→ **Task to complete**
Write out the records below exactly as they appear, skipping each picture.

→ **Stored items from a collection**
========================

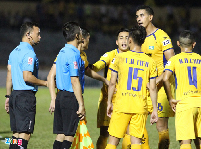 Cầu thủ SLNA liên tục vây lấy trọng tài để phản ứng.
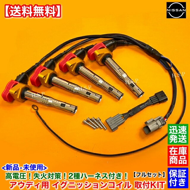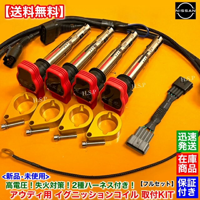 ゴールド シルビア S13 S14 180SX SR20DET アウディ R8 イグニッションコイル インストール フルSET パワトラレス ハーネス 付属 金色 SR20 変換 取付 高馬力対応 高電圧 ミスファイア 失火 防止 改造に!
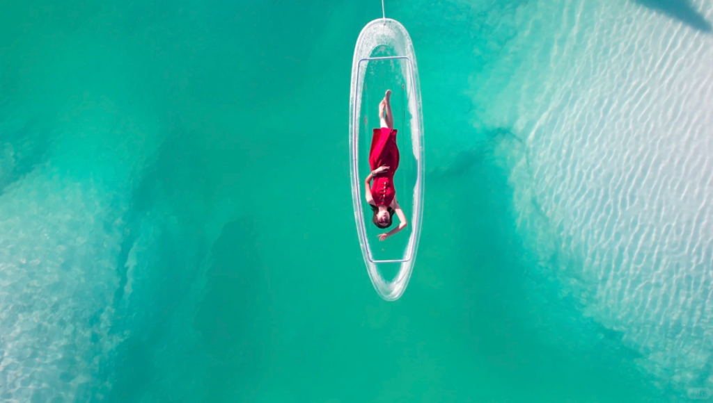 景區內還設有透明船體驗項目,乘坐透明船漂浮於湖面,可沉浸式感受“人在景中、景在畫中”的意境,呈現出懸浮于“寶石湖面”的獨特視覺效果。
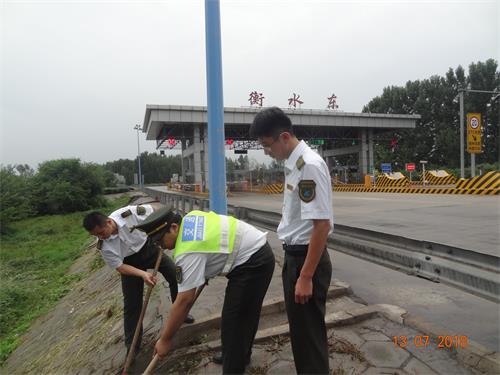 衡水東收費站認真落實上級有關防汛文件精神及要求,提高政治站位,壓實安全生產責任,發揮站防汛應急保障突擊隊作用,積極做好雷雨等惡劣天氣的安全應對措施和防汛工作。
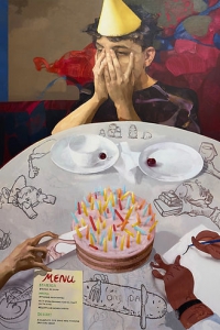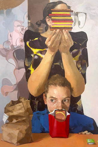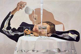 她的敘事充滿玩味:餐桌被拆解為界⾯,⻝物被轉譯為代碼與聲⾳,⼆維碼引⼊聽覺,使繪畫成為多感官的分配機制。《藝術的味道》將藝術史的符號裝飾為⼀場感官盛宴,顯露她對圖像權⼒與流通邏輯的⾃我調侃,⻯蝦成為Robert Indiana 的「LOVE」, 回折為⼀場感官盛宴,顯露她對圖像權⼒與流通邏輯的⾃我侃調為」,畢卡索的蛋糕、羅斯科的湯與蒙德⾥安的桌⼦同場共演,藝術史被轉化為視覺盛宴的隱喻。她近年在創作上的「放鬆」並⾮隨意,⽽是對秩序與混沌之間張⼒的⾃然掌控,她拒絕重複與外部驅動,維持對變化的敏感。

========================

→ **Result for this exercise**
 Cầu thủ SLNA liên tục vây lấy trọng tài để phản ứng.
 ゴールド シルビア S13 S14 180SX SR20DET アウディ R8 イグニッションコイル インストール フルSET パワトラレス ハーネス 付属 金色 SR20 変換 取付 高馬力対応 高電圧 ミスファイア 失火 防止 改造に!
 景區內還設有透明船體驗項目,乘坐透明船漂浮於湖面,可沉浸式感受“人在景中、景在畫中”的意境,呈現出懸浮于“寶石湖面”的獨特視覺效果。
 衡水東收費站認真落實上級有關防汛文件精神及要求,提高政治站位,壓實安全生產責任,發揮站防汛應急保障突擊隊作用,積極做好雷雨等惡劣天氣的安全應對措施和防汛工作。
 她的敘事充滿玩味:餐桌被拆解為界⾯,⻝物被轉譯為代碼與聲⾳,⼆維碼引⼊聽覺,使繪畫成為多感官的分配機制。《藝術的味道》將藝術史的符號裝飾為⼀場感官盛宴,顯露她對圖像權⼒與流通邏輯的⾃我調侃,⻯蝦成為Robert Indiana 的「LOVE」, 回折為⼀場感官盛宴,顯露她對圖像權⼒與流通邏輯的⾃我侃調為」,畢卡索的蛋糕、羅斯科的湯與蒙德⾥安的桌⼦同場共演,藝術史被轉化為視覺盛宴的隱喻。她近年在創作上的「放鬆」並⾮隨意,⽽是對秩序與混沌之間張⼒的⾃然掌控,她拒絕重複與外部驅動,維持對變化的敏感。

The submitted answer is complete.